## Records from a collection
--

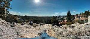 The top of the main outcropping, Indian Rock, commands a spectacular view that encompasses sights from downtown Oakland and the University of California, Berkeley campus to the south; central Berkeley, San Francisco Bay, and San Francisco to the west; and Marin County and Richmond, California to the northwest and north. All three of the bay's largest bridges can be seen from the rock. Volcanic in origin, Indian Rock is the largest of a number of similar rhyolite rock formations in the vicinity, including the smaller rocks in the portion of the park on the east side of Indian Rock Ave. For example, only one block farther up the east side of Indian Rock Ave. is the 0.39-acre (1,600 m2) Mortar Rock Park, which has its own complex of granite outcroppings. Many remains of acorn-grinding pits carved into solid rock can be found in all these outcroppings, especially the aptly named Mortar Rock. These pits were made by the local indigenous people, the Huichin band of the Ohlones.
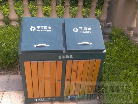 綿陽環(huán)泰桶業(yè)生產(chǎn)的鋼木垃圾桶在富臨集團(tuán)的小區(qū)里
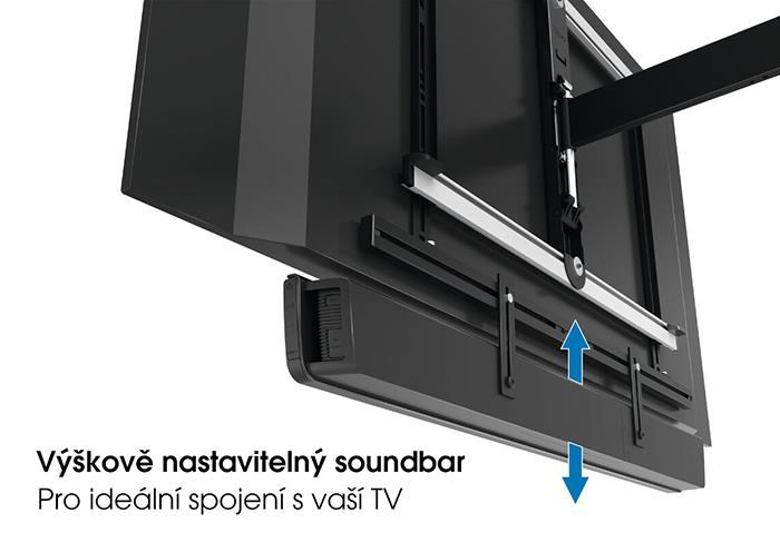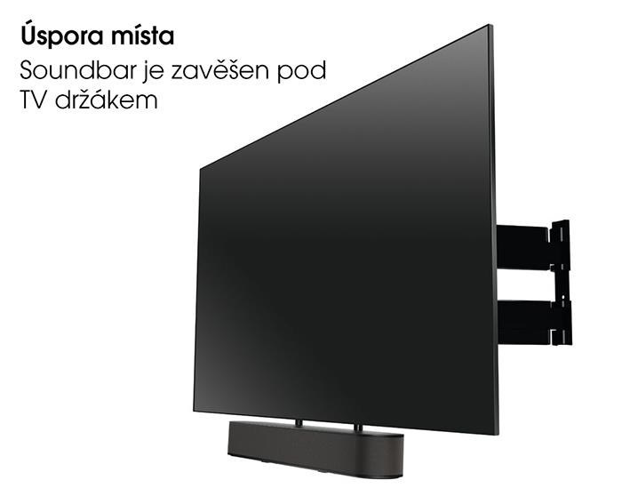 Je možné ho namontovať prakticky na akýkoľvek TV držiak. Pri nakláňaní TV sa rovnako nakláňa aj soundbar, takže vždy získate ten najlepší obraz bez zníženia kvality zvuku.
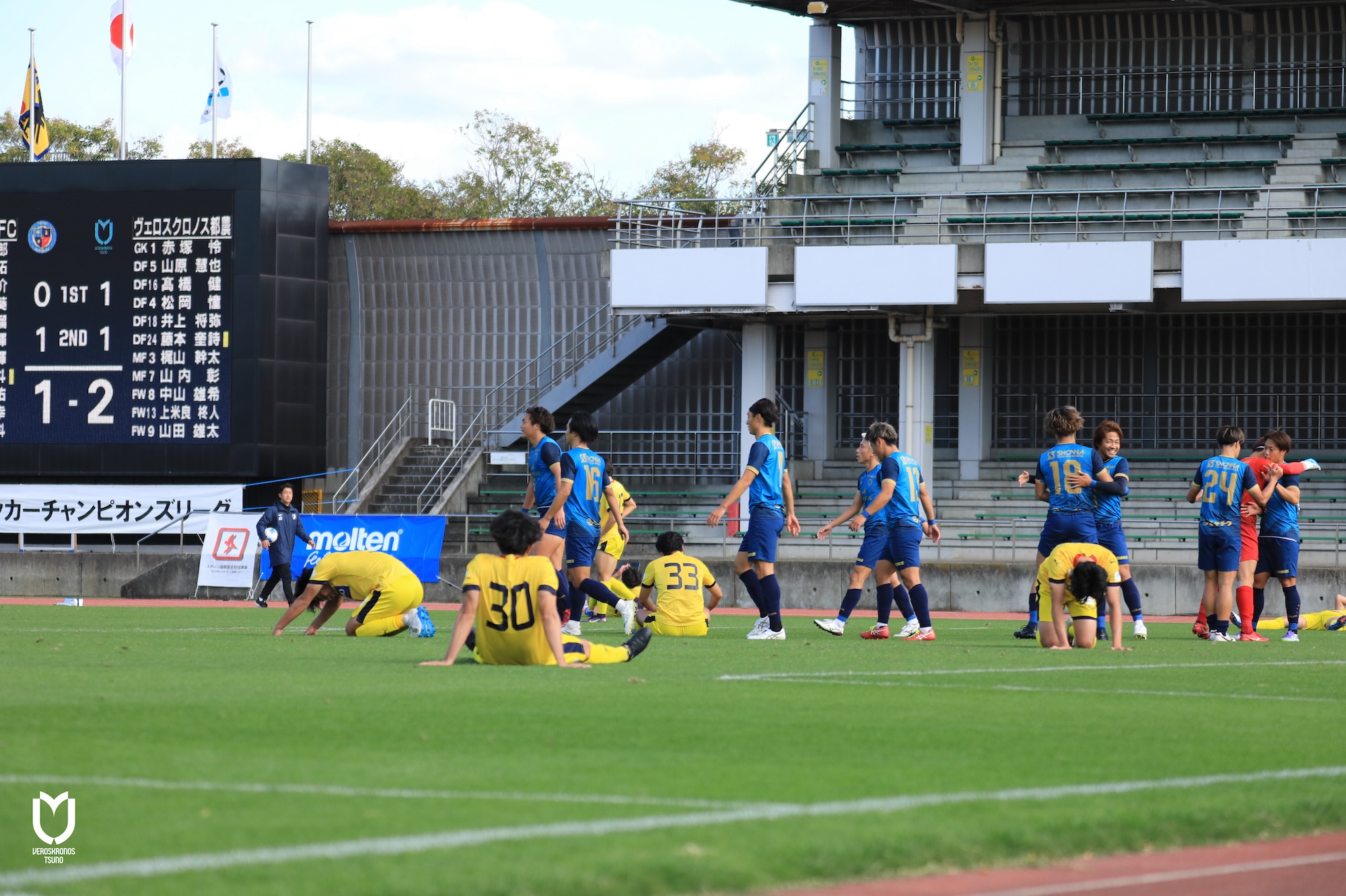 決勝ラウンド最終日は24日(月)に同会場で2試合を行い、最終順位が確定します。ヴェロスクロノス都農は午後1時半より勝ち点3で3位のVONDS市原FC(関東)と対戦します。
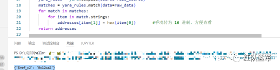 print(yara_scan2(file_data)) #返回的结果为{'$ref_c2': '0x12ca2'}
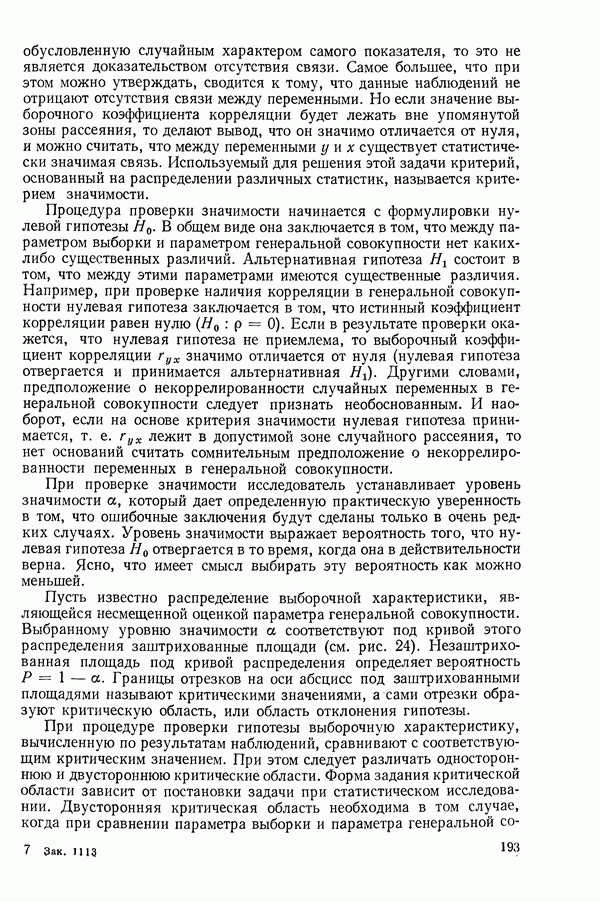 Ф 0, т. е. переменная При данной альтернативной гипотезе используется двусторонняя критическая область. Альтернативная гипотеза может быть также сформулирована следующим образом: В то время как при двусторонней критической области не требуется никакой информации о направлении зависимости у от При проверке гипотезы
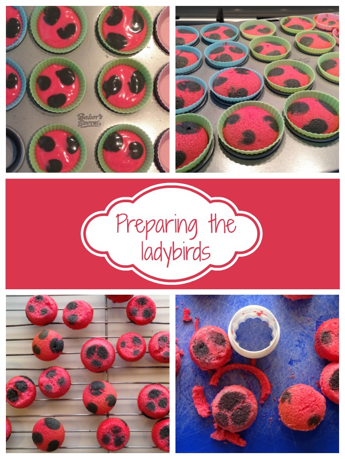 I have to admit this was a bit of a painstaking process – I spent the whole morning baking! The aim was to make a surprise inside cake, with hidden round red ‘ladybirds’, complete with black spots. I had been inspired by some amazing photos on pinterest, and just had to have a go at it myself. So with my nieces second birthday on the horizon I decided to take on the challenge.
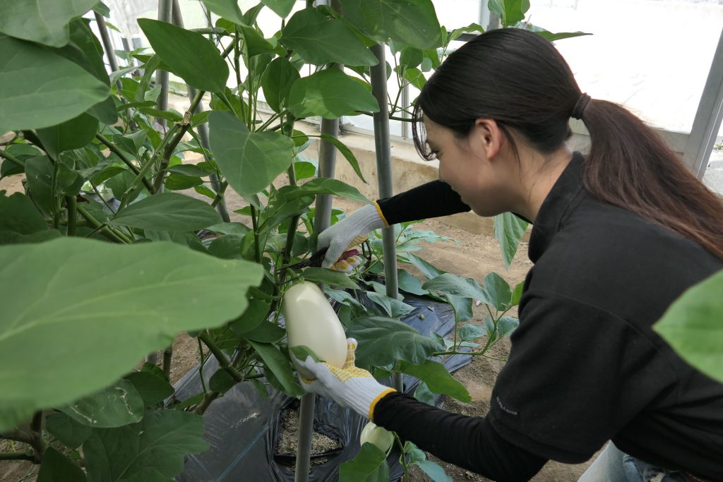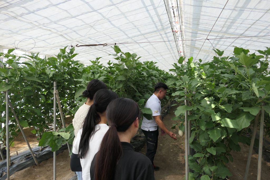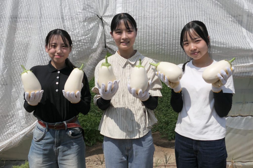 会社説明をしていただいた後、畑に移動し、宝石野菜(白なす)の収穫体験を行いました。学生たちは大ぶりでつややかな白なすを一つひとつ丁寧に収穫し、その新鮮さと重量感に驚いた様子でした。普段なかなか目にすることのない白なすが、手間をかけて丁寧に育てられていることを肌で感じる貴重な体験となりました。
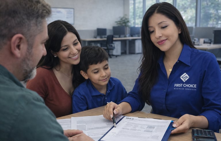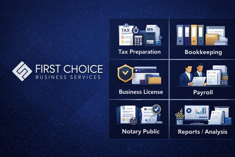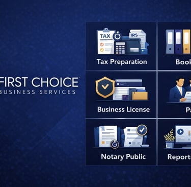 At First Choice Business Services, we help individuals and businesses navigate their fiscal and administrative responsibilities with precision and care. Our integrated services ensure compliance, organization, and peace of mind.
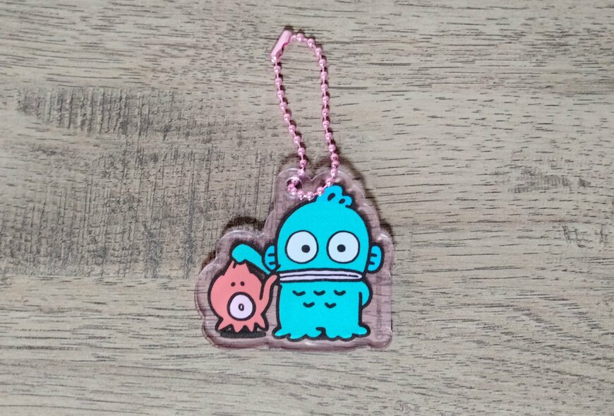 こちらはピンク色のアクリルキーホルダーです。さゆりちゃんと肩を組んでいるハンギョドンがかわいいデザインとなっています。サイズは約横5.5cm×高さ5cm(筆者実測値)です。
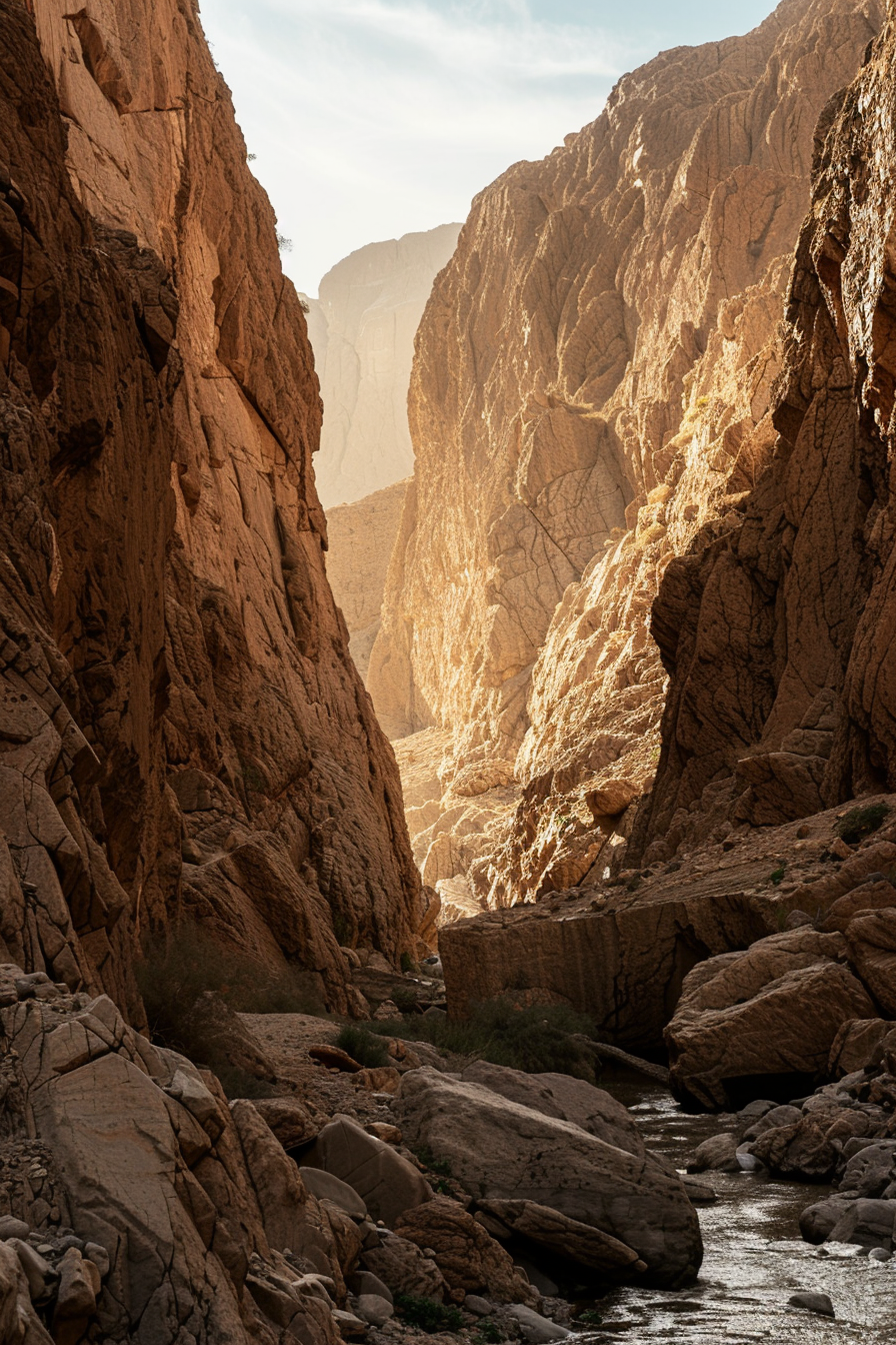 Descend from the high plains into Todra, where rock narrows to river and stillness becomes strategy. Here, families farm wheat and figs. They do not move with the seasons—they anchor them. You visit small plots irrigated by hand, the static counterpart to the moving life above. Two ways of surviving the same mountain. Neither is easier.

--

An exact transcription of the data above is needed, without the pictures.

## ANSWER BOX
 The top of the main outcropping, Indian Rock, commands a spectacular view that encompasses sights from downtown Oakland and the University of California, Berkeley campus to the south; central Berkeley, San Francisco Bay, and San Francisco to the west; and Marin County and Richmond, California to the northwest and north. All three of the bay's largest bridges can be seen from the rock. Volcanic in origin, Indian Rock is the largest of a number of similar rhyolite rock formations in the vicinity, including the smaller rocks in the portion of the park on the east side of Indian Rock Ave. For example, only one block farther up the east side of Indian Rock Ave. is the 0.39-acre (1,600 m2) Mortar Rock Park, which has its own complex of granite outcroppings. Many remains of acorn-grinding pits carved into solid rock can be found in all these outcroppings, especially the aptly named Mortar Rock. These pits were made by the local indigenous people, the Huichin band of the Ohlones.
 綿陽環(huán)泰桶業(yè)生產(chǎn)的鋼木垃圾桶在富臨集團(tuán)的小區(qū)里
 Je možné ho namontovať prakticky na akýkoľvek TV držiak. Pri nakláňaní TV sa rovnako nakláňa aj soundbar, takže vždy získate ten najlepší obraz bez zníženia kvality zvuku.
 決勝ラウンド最終日は24日(月)に同会場で2試合を行い、最終順位が確定します。ヴェロスクロノス都農は午後1時半より勝ち点3で3位のVONDS市原FC(関東)と対戦します。
 print(yara_scan2(file_data)) #返回的结果为{'$ref_c2': '0x12ca2'}
 Ф 0, т. е. переменная При данной альтернативной гипотезе используется двусторонняя критическая область. Альтернативная гипотеза может быть также сформулирована следующим образом: В то время как при двусторонней критической области не требуется никакой информации о направлении зависимости у от При проверке гипотезы
 I have to admit this was a bit of a painstaking process – I spent the whole morning baking! The aim was to make a surprise inside cake, with hidden round red ‘ladybirds’, complete with black spots. I had been inspired by some amazing photos on pinterest, and just had to have a go at it myself. So with my nieces second birthday on the horizon I decided to take on the challenge.
 会社説明をしていただいた後、畑に移動し、宝石野菜(白なす)の収穫体験を行いました。学生たちは大ぶりでつややかな白なすを一つひとつ丁寧に収穫し、その新鮮さと重量感に驚いた様子でした。普段なかなか目にすることのない白なすが、手間をかけて丁寧に育てられていることを肌で感じる貴重な体験となりました。
 At First Choice Business Services, we help individuals and businesses navigate their fiscal and administrative responsibilities with precision and care. Our integrated services ensure compliance, organization, and peace of mind.
 こちらはピンク色のアクリルキーホルダーです。さゆりちゃんと肩を組んでいるハンギョドンがかわいいデザインとなっています。サイズは約横5.5cm×高さ5cm(筆者実測値)です。
 Descend from the high plains into Todra, where rock narrows to river and stillness becomes strategy. Here, families farm wheat and figs. They do not move with the seasons—they anchor them. You visit small plots irrigated by hand, the static counterpart to the moving life above. Two ways of surviving the same mountain. Neither is easier.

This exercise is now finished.